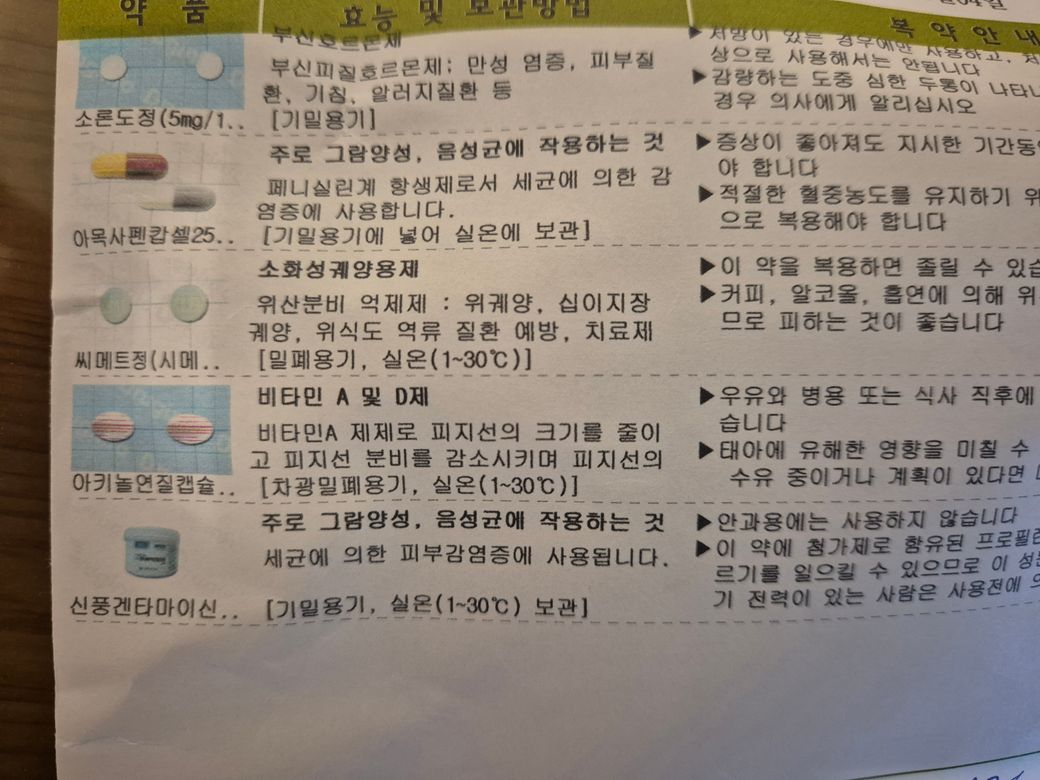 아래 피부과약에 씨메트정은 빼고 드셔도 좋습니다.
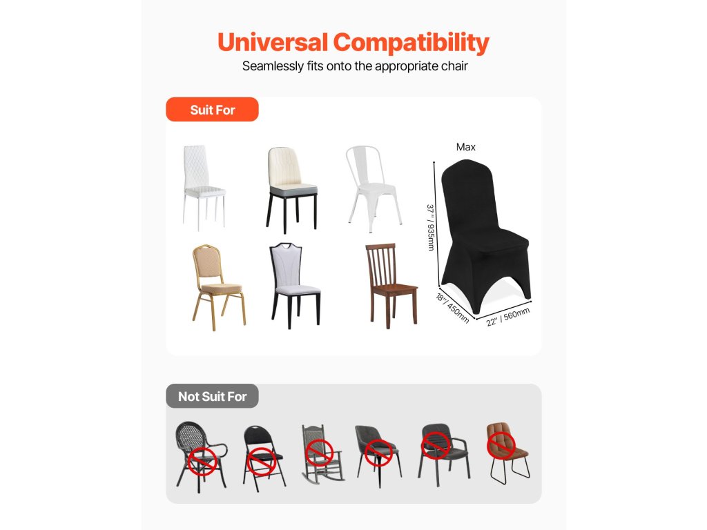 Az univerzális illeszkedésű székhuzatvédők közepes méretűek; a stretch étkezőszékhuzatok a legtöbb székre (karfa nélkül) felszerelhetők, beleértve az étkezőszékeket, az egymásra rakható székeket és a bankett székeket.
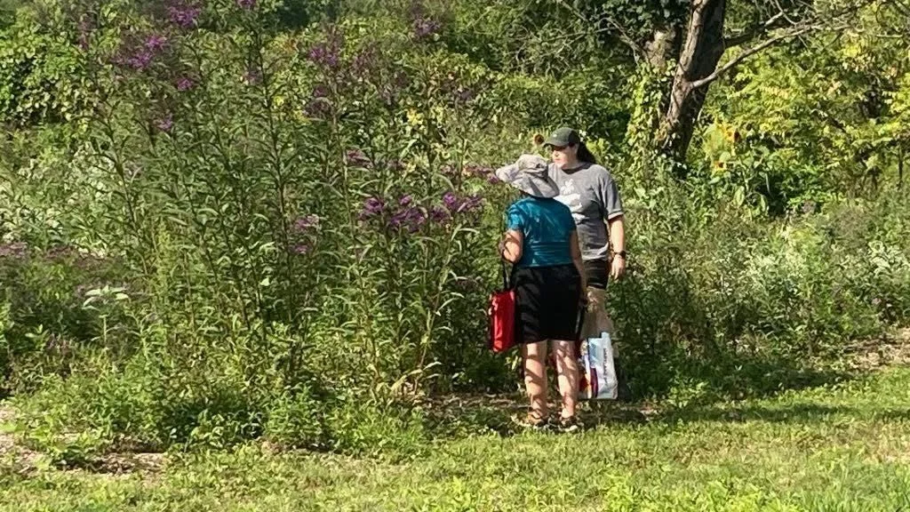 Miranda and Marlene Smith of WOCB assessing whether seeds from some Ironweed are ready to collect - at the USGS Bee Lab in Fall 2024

WORK INSTRUCTION:
Your reply should hold every line above exactly as written and none of the pictures.

RESPONSE TO THIS TASK:
 아래 피부과약에 씨메트정은 빼고 드셔도 좋습니다.
 Az univerzális illeszkedésű székhuzatvédők közepes méretűek; a stretch étkezőszékhuzatok a legtöbb székre (karfa nélkül) felszerelhetők, beleértve az étkezőszékeket, az egymásra rakható székeket és a bankett székeket.
 Miranda and Marlene Smith of WOCB assessing whether seeds from some Ironweed are ready to collect - at the USGS Bee Lab in Fall 2024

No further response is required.